#### [Provided data]

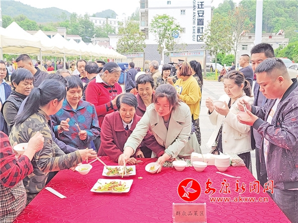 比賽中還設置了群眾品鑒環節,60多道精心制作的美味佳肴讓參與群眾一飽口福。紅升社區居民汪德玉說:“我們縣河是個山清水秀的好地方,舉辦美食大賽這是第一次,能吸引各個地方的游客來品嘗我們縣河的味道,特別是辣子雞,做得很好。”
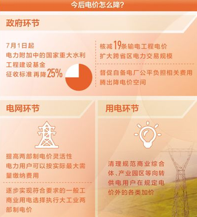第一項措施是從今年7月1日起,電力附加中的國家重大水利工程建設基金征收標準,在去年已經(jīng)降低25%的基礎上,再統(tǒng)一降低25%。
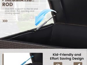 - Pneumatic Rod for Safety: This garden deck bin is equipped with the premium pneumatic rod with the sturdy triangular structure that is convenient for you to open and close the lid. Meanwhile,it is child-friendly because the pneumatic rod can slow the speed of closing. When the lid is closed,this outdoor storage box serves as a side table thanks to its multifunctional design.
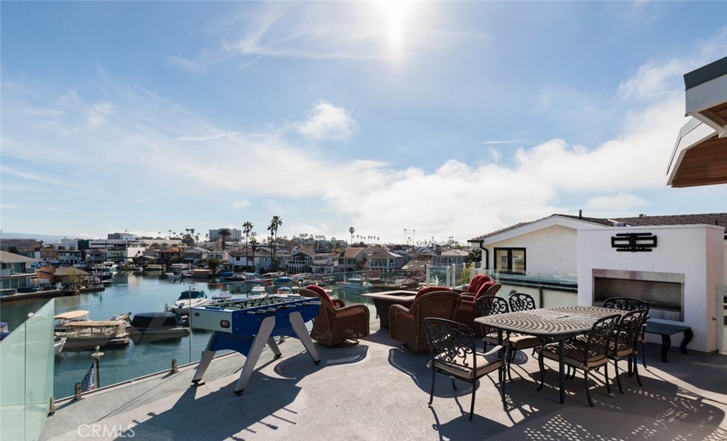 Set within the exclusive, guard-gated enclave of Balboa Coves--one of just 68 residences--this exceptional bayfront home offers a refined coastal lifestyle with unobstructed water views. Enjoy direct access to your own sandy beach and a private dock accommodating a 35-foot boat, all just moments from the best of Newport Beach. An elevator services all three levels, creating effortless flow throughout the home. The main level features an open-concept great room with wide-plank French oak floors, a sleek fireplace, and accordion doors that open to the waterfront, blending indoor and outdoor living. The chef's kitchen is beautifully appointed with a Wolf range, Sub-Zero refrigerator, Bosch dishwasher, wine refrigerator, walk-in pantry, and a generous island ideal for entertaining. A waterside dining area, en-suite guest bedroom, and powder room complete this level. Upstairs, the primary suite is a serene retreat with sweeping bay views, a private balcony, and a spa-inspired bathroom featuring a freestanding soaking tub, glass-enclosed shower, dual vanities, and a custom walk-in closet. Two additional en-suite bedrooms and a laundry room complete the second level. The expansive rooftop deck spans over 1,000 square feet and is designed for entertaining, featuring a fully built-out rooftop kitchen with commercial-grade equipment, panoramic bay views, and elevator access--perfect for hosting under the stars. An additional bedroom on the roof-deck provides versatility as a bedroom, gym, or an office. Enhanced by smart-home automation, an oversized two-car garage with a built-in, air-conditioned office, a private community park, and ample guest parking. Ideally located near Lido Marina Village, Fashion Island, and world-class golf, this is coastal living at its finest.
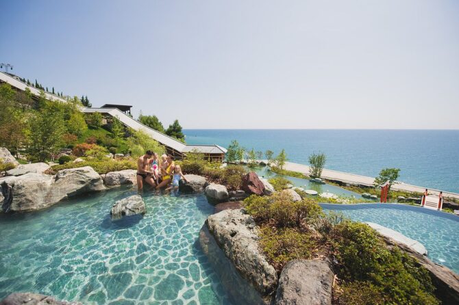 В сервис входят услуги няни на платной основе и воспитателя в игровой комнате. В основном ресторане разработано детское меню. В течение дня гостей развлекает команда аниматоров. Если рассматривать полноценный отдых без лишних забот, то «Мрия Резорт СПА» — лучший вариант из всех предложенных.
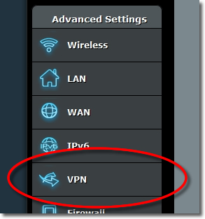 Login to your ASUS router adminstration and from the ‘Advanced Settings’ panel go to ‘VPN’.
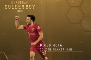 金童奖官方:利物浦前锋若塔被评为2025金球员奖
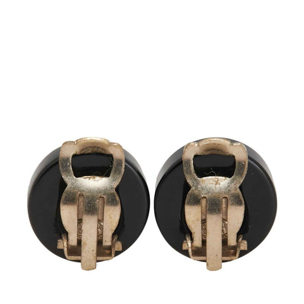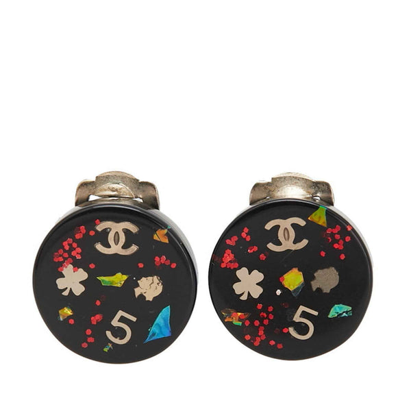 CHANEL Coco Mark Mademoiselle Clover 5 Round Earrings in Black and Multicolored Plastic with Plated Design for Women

#### [Task to carry out]
When you transcribe the entries, reproduce each line exactly and skip any picture.

#### [Written answer]
 比賽中還設置了群眾品鑒環節,60多道精心制作的美味佳肴讓參與群眾一飽口福。紅升社區居民汪德玉說:“我們縣河是個山清水秀的好地方,舉辦美食大賽這是第一次,能吸引各個地方的游客來品嘗我們縣河的味道,特別是辣子雞,做得很好。”
第一項措施是從今年7月1日起,電力附加中的國家重大水利工程建設基金征收標準,在去年已經(jīng)降低25%的基礎上,再統(tǒng)一降低25%。
 - Pneumatic Rod for Safety: This garden deck bin is equipped with the premium pneumatic rod with the sturdy triangular structure that is convenient for you to open and close the lid. Meanwhile,it is child-friendly because the pneumatic rod can slow the speed of closing. When the lid is closed,this outdoor storage box serves as a side table thanks to its multifunctional design.
 Set within the exclusive, guard-gated enclave of Balboa Coves--one of just 68 residences--this exceptional bayfront home offers a refined coastal lifestyle with unobstructed water views. Enjoy direct access to your own sandy beach and a private dock accommodating a 35-foot boat, all just moments from the best of Newport Beach. An elevator services all three levels, creating effortless flow throughout the home. The main level features an open-concept great room with wide-plank French oak floors, a sleek fireplace, and accordion doors that open to the waterfront, blending indoor and outdoor living. The chef's kitchen is beautifully appointed with a Wolf range, Sub-Zero refrigerator, Bosch dishwasher, wine refrigerator, walk-in pantry, and a generous island ideal for entertaining. A waterside dining area, en-suite guest bedroom, and powder room complete this level. Upstairs, the primary suite is a serene retreat with sweeping bay views, a private balcony, and a spa-inspired bathroom featuring a freestanding soaking tub, glass-enclosed shower, dual vanities, and a custom walk-in closet. Two additional en-suite bedrooms and a laundry room complete the second level. The expansive rooftop deck spans over 1,000 square feet and is designed for entertaining, featuring a fully built-out rooftop kitchen with commercial-grade equipment, panoramic bay views, and elevator access--perfect for hosting under the stars. An additional bedroom on the roof-deck provides versatility as a bedroom, gym, or an office. Enhanced by smart-home automation, an oversized two-car garage with a built-in, air-conditioned office, a private community park, and ample guest parking. Ideally located near Lido Marina Village, Fashion Island, and world-class golf, this is coastal living at its finest.
 В сервис входят услуги няни на платной основе и воспитателя в игровой комнате. В основном ресторане разработано детское меню. В течение дня гостей развлекает команда аниматоров. Если рассматривать полноценный отдых без лишних забот, то «Мрия Резорт СПА» — лучший вариант из всех предложенных.
 Login to your ASUS router adminstration and from the ‘Advanced Settings’ panel go to ‘VPN’.
 金童奖官方:利物浦前锋若塔被评为2025金球员奖
 CHANEL Coco Mark Mademoiselle Clover 5 Round Earrings in Black and Multicolored Plastic with Plated Design for Women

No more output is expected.